Scenario: So I've got a golden goose and I've got a friend, Jimmy, that also has a golden goose! We agree to pool our eggs so we can collectively buy more geese more quickly.
- So instead of each of each us waiting 100 days to get another goose, we combine our eggs and reach 100 eggs in 50 days. Jimmy then buys a goose bringing us to 3 geese total. We wait 34 more days, combine our 100 eggs again and then I get a goose.
- So at the end of this 84 day egg-pooling-cycle we each finish with 1 more goose than we started with. We each got a 2nd goose 16 days earlier than if we waited on our own!
Now let's try it again adding a 3rd friend with more geese than either of us.

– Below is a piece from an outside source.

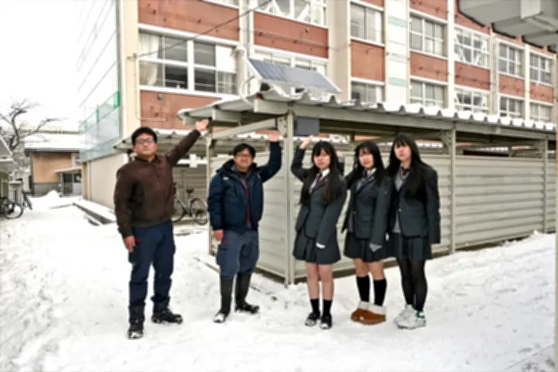 福島県会津若松市にある会津工業高校の電気情報科に在籍する生徒3名が、再生可能エネルギーに関する課題研究の一環として、校内の自転車駐輪場に太陽光発電を利用した自動照明装置を設置しました。この取り組みは、実践的な技術教育の成果として地域から高い評価を受けています。

- We have another friend, Sally, with 4 golden geese. So I have 2, Jimmy has 2, and Sally has 4, which brings us to 8 total. We decide to pool our eggs again to double our geese.

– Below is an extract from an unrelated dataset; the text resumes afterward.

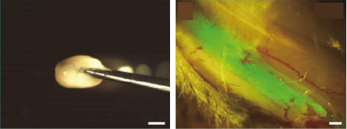 図1 作成したシートペレットとマウス前脛骨筋に移植したGFP陽性組織

- Since Sally has double the geese we each do and is therefore contributing double the eggs, it's only fair that she gets double the geese during this next egg pooling cycle.

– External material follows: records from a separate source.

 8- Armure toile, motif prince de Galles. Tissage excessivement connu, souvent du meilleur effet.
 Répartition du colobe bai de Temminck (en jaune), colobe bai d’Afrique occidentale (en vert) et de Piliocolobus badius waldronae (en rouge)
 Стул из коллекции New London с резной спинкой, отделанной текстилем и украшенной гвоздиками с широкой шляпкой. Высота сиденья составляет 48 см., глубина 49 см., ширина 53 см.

- So in 13 days (we're rounding up from 12.xxx days) we accumulate 100 eggs and Sally gets a goose, bring the new total to 9 geese.
- In 12 more days, I get a goose. New total = 10 geese
- In 10 more days, Sally gets a goose. New total = 11 geese
- In 10 more days, Jimmy gets a goose. New total = 12 geese
- In 9 more days, Sally gets a goose. New total = 13 geese
- In 8 more days, I gets a goose. New total = 14 geese
- In 8 more days, Sally gets a goose. New total = 15 geese
- In 7 more days, Jimmy gets a goose. Final total = 16 geese
- So at the end of this cycle, which lasted a total of about 77 days, Sally finishes with 8 geese, I have 4, and Jimmy has 4.
- Since Sally has double the geese we each do and is therefore contributing double the eggs, it's only fair that she gets double the geese during this next egg pooling cycle.
So we all figure, wow! This is great! The more people with geese we pool together the more everyone gets geese more quickly. Right?
Right?
WRONG!!
If Jimmy and I would have simply pooled our 4 geese without Sally (or if Sally would have accumulated on her own without us), we/she would have reached 8 total geese in 77 days still. We didn't save any time by adding Sally.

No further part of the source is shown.